#### YOUR GOAL:
Exact copies of all the lines below are needed, without the pictures.

#### DATA EXCERPT:
----
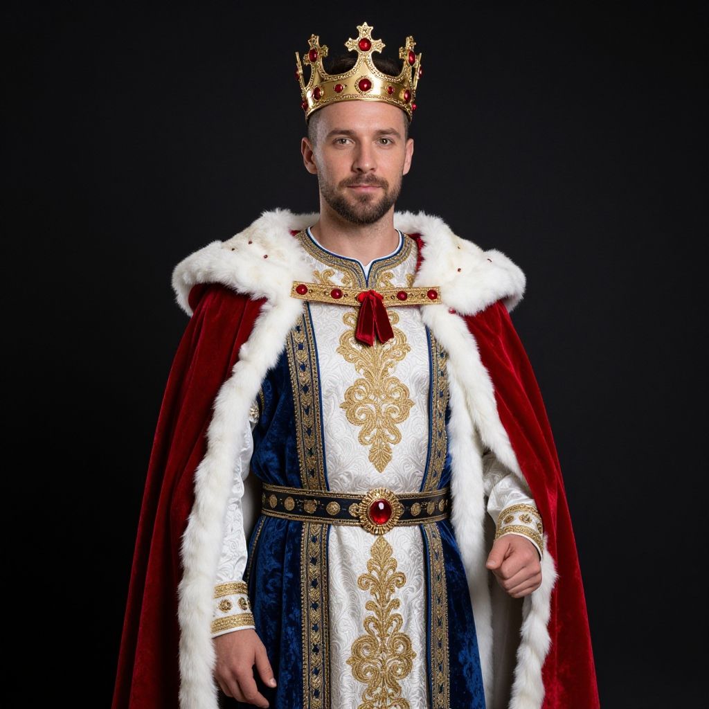 A man dressed in an elaborate king's costume stands confidently against a dark backdrop. He wears a richly decorated blue and white tunic with intricate gold embroidery, a luxurious red velvet cape trimmed with white fur, and a golden crown adorned with red jewels, embodying regal and historical cosplay style.
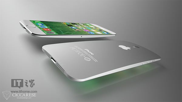 Federico Ciccarese的这个新设计展示了4.7英寸和5.5英寸的两款iPhone6,采用了无边框设计,显示屏直接延展至手机边缘,其弯曲的后壳类似于LG G Flex,并再度使用了Touch ID指纹识别扫描仪。
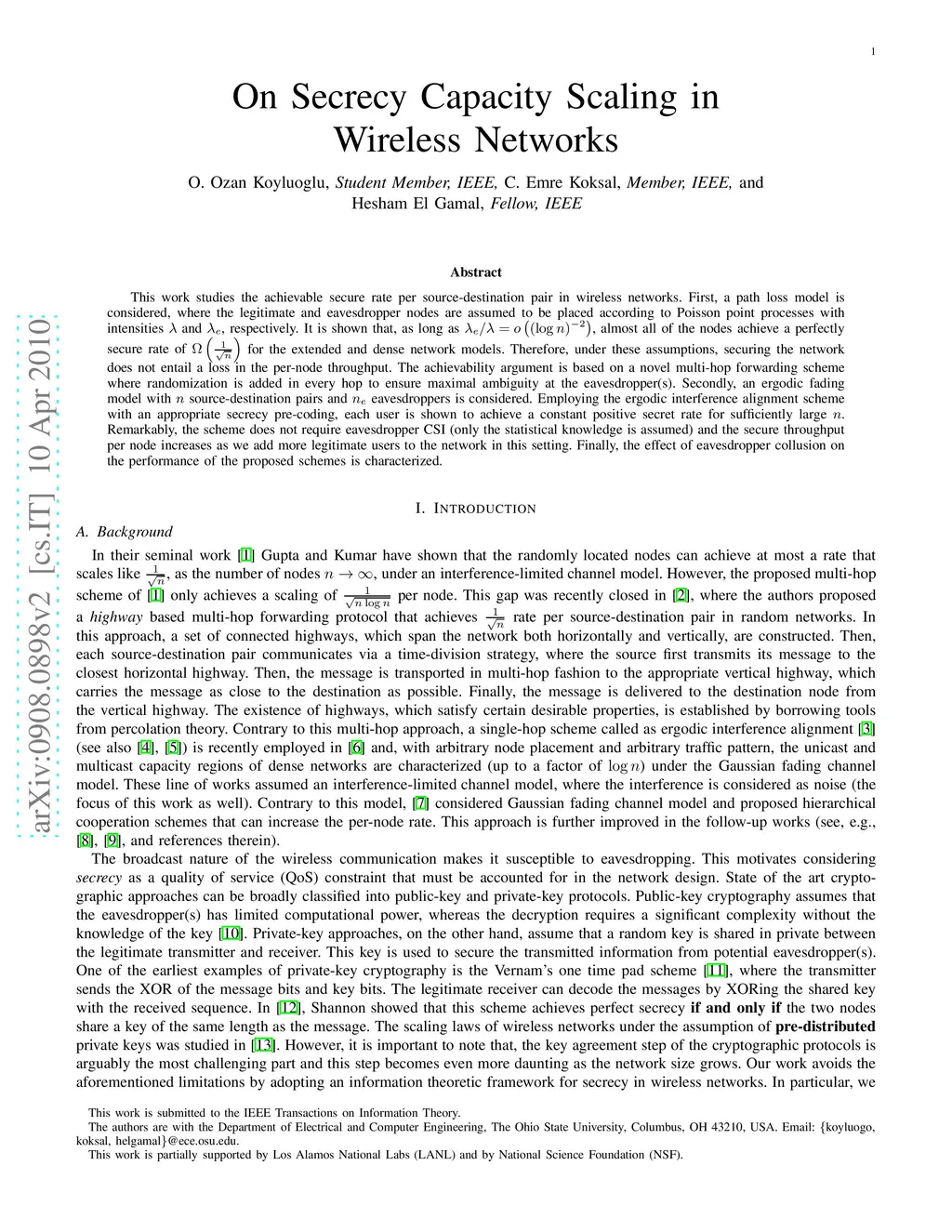 This work studies the achievable secure rate per source-destination pair in wireless networks. First, a path loss model is considered, where the legitimate and eavesdropper nodes are assumed to be placed according to Poisson point processes with intensities and , respectively. It is shown that, as long as , almost all of the nodes achieve a perfectly secure rate of for the extended and dense network models. Therefore, under these assumptions, securing the network does not entail a loss in the per-node throughput. The achievability argument is based on a novel multi-hop forwarding scheme where randomization is added in every hop to ensure maximal ambiguity at the eavesdropper(s). Secondly, an ergodic fading model with source-destination pairs and eavesdroppers is considered. Employing the ergodic interference alignment scheme with an appropriate secrecy pre-coding, each user is shown to achieve a constant positive secret rate for sufficiently large . Remarkably, the scheme does not require eavesdropper CSI (only the statistical knowledge is assumed) and the secure throughput per node increases as we add more legitimate users to the network in this setting. Finally, the effect of eavesdropper collusion on the performance of the proposed schemes is characterized.
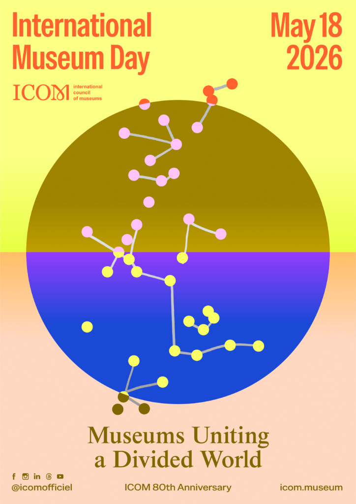 2026年恰逢国际博物馆协会成立80周年,本年度国际博物馆日以“博物馆:联结世界的桥梁”为年度主题。本次发布的主题海报紧扣核心主旨,具象化呈现博物馆跨越文化、社会与地缘政治隔阂的纽带作用,生动诠释了博物馆推动对话互鉴、包容共生的核心理念。
----
#### EXERCISE OUTPUT:
 A man dressed in an elaborate king's costume stands confidently against a dark backdrop. He wears a richly decorated blue and white tunic with intricate gold embroidery, a luxurious red velvet cape trimmed with white fur, and a golden crown adorned with red jewels, embodying regal and historical cosplay style.
 Federico Ciccarese的这个新设计展示了4.7英寸和5.5英寸的两款iPhone6,采用了无边框设计,显示屏直接延展至手机边缘,其弯曲的后壳类似于LG G Flex,并再度使用了Touch ID指纹识别扫描仪。
 This work studies the achievable secure rate per source-destination pair in wireless networks. First, a path loss model is considered, where the legitimate and eavesdropper nodes are assumed to be placed according to Poisson point processes with intensities and , respectively. It is shown that, as long as , almost all of the nodes achieve a perfectly secure rate of for the extended and dense network models. Therefore, under these assumptions, securing the network does not entail a loss in the per-node throughput. The achievability argument is based on a novel multi-hop forwarding scheme where randomization is added in every hop to ensure maximal ambiguity at the eavesdropper(s). Secondly, an ergodic fading model with source-destination pairs and eavesdroppers is considered. Employing the ergodic interference alignment scheme with an appropriate secrecy pre-coding, each user is shown to achieve a constant positive secret rate for sufficiently large . Remarkably, the scheme does not require eavesdropper CSI (only the statistical knowledge is assumed) and the secure throughput per node increases as we add more legitimate users to the network in this setting. Finally, the effect of eavesdropper collusion on the performance of the proposed schemes is characterized.
 2026年恰逢国际博物馆协会成立80周年,本年度国际博物馆日以“博物馆:联结世界的桥梁”为年度主题。本次发布的主题海报紧扣核心主旨,具象化呈现博物馆跨越文化、社会与地缘政治隔阂的纽带作用,生动诠释了博物馆推动对话互鉴、包容共生的核心理念。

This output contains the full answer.